Investors are cautioned that forward-looking information is not based on historical facts but instead reflect each company’s management’s expectations, estimates or projections concerning future results or events based on the opinions, assumptions and estimates of management considered reasonable at the date the statements are made. Although each of ONE and Matrixset believe that the expectations reflected in such forward-looking information are reasonable, such information involves risks and uncertainties, and undue reliance should not be placed on such information, as unknown or unpredictable factors could have material adverse effects on future results, performance or achievements of the Resulting Issuer. Among the key factors that could cause actual results to differ materially from those projected in the forward-looking information are the following: the ability to consummate the Transaction and the Debt Settlement; the ability to obtain requisite regulatory approvals and the satisfaction of other conditions to the consummation of the Transaction and the Debt Settlement on the proposed terms and schedule; the potential impact of the announcement or consummation of the Transaction and the Debt Settlement on relationships, including with regulatory bodies, employees, suppliers, customers and competitors; changes in general economic, business and political conditions, including changes in the financial markets; and the diversion of management time on the Transaction. This forward-looking information may be affected by risks and uncertainties in the business of ONE and Matrixset and market conditions.

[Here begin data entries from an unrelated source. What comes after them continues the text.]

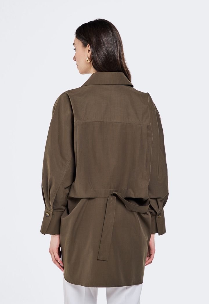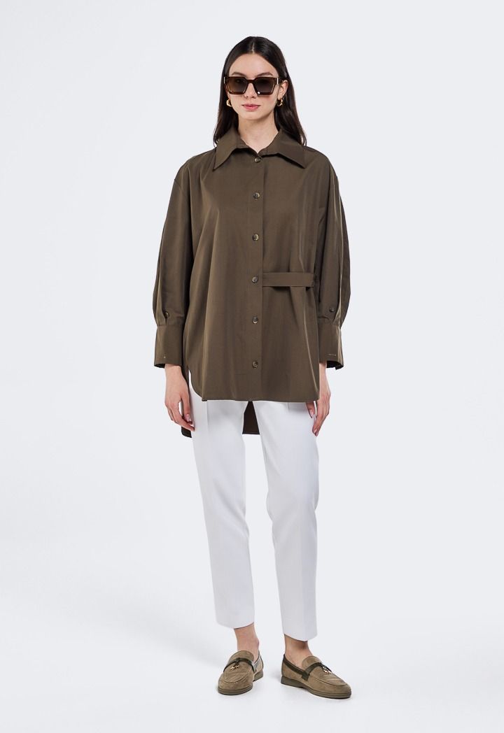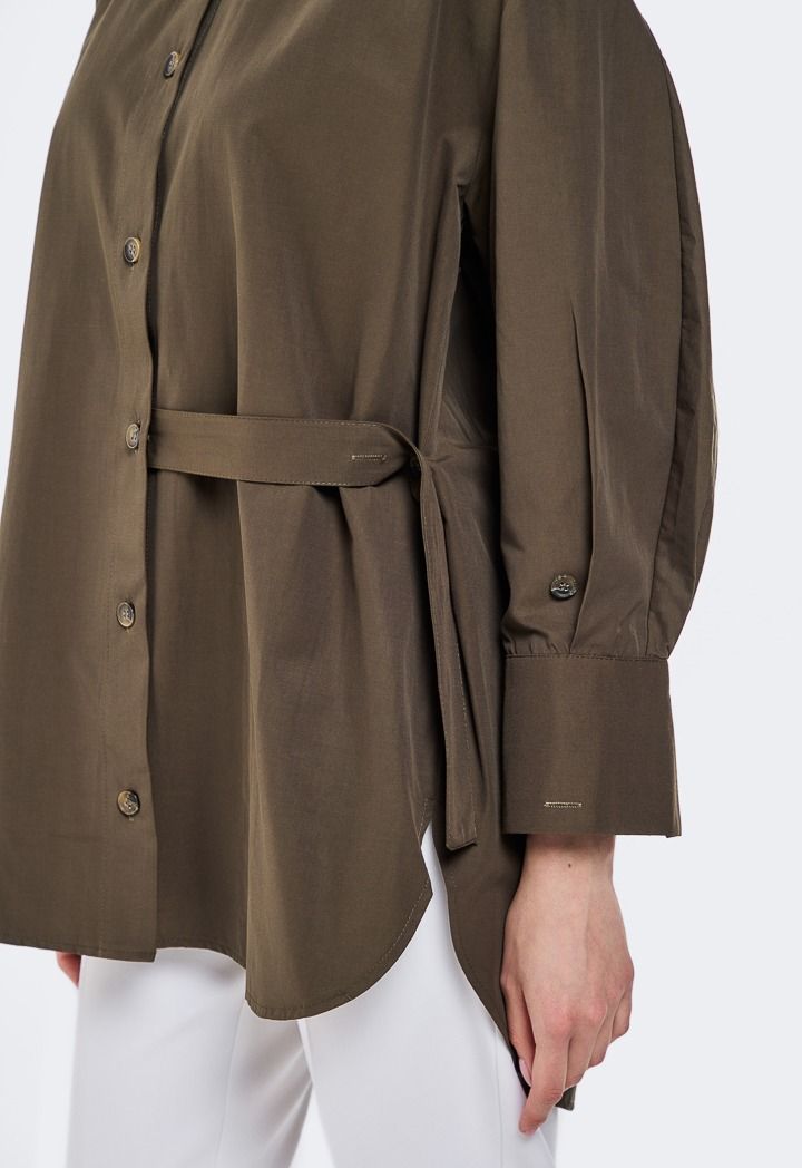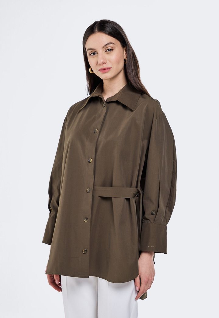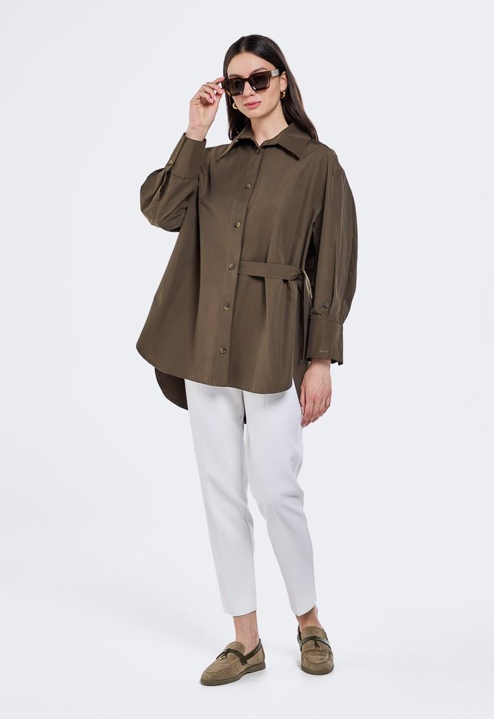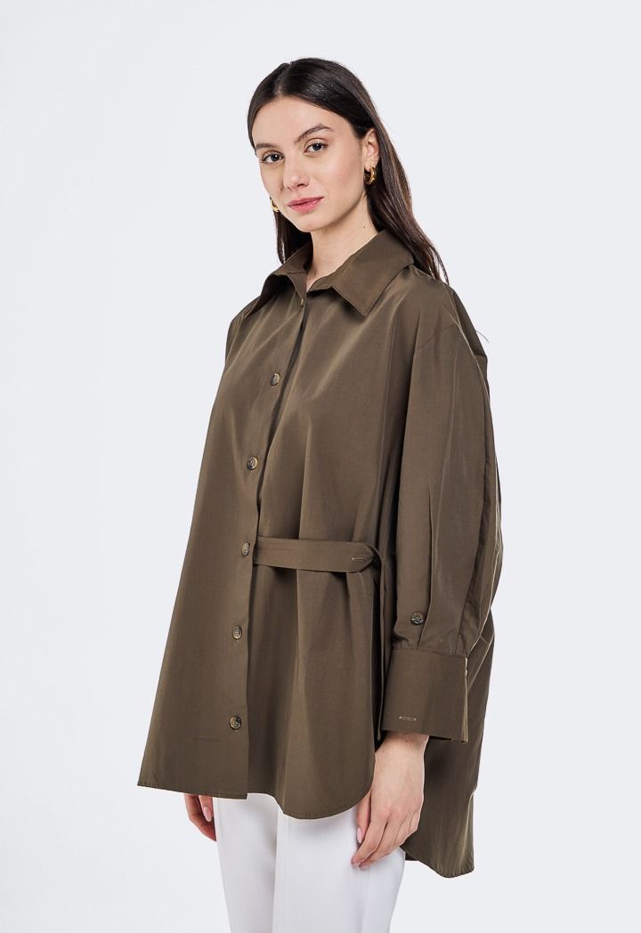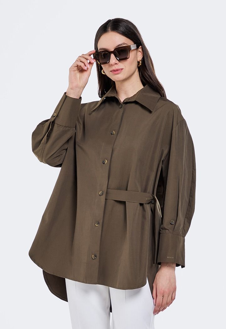 Whether worn loose for a relaxed vibe or cinched at the waist for a structured look, this adjustable-belt shirt offers endless styling possibilities.
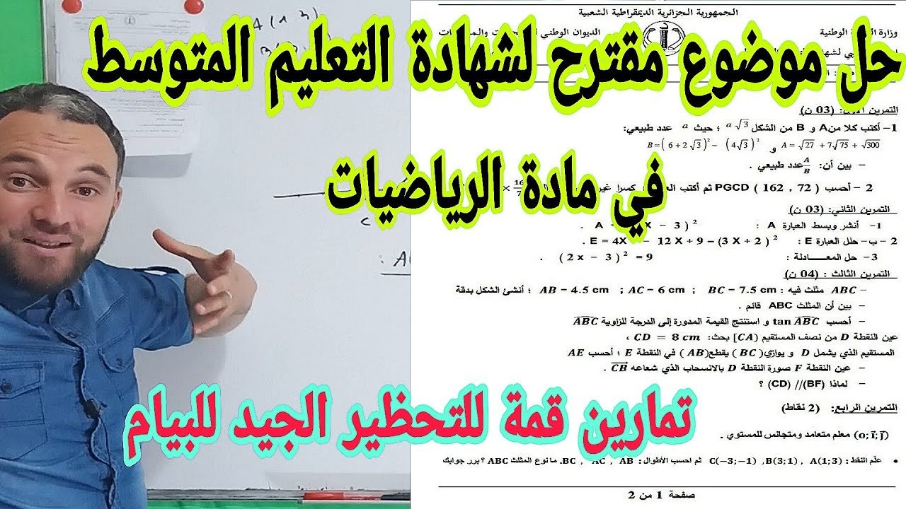 حل إختبار تجريبي لشهادة التعليم المتوسط في مادة الرياضيات شامل لجميع الأسئلة @Ch_zaki_constantine
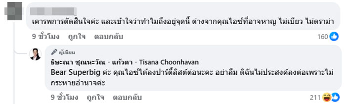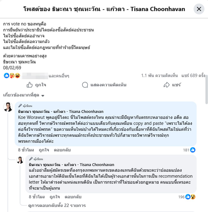 น.ส.ธิษะณา ยังได้ตอบโต้ผู้มาคอมเมนต์ด้วยว่า "พูดอยู่นี่ไงคะ นี่ไม่โพสต์ตรงไหน คุณน่าจะมีปัญหากับตรรกะหลายอย่าง อดีต สอสอทุกคนที่ วิพากษ์วิจารณ์พรรคได้ต่อว่าแบบเดียวกับคุณเหมือน copy and paste “เพราะไม่ได้ลงต่อจึงวิจารณ์พรรค” ขอความเห็นใหม่บ้างได้ไหมคะที่เกี่ยวข้องกับเนื้อหาที่ดิฉันโพสต์ไม่ใช่แค่ที่ว่าดิฉันวิพากษ์วิจารณ์เพราะทุกคนแม้กระทั่งประชาชนทั่วไปก็สามารถวิพากษ์วิจารณ์ทุกพรรคการเมืองได้ค่ะ"

Should one or more of these risks or uncertainties materialize, or should assumptions underlying the forward-looking information prove incorrect, actual results may vary materially from those described herein as intended, planned, anticipated, believed, estimated or expected. Although ONE and Matrixset have attempted to identify important risks, uncertainties and factors which could cause actual results to differ materially, there may be others that cause results not to be as anticipated, estimated or intended. ONE and Matrixset do not intend, and do not assume any obligation, to update this forward-looking information except as otherwise required by applicable law.

All information contained in this news release with respect to ONE or Matrixset was supplied by ONE or Matrixset, respectively, for inclusion herein, without independent review by the other party, and each party and its directors and officers have relied on the other party for any information concerning the other party.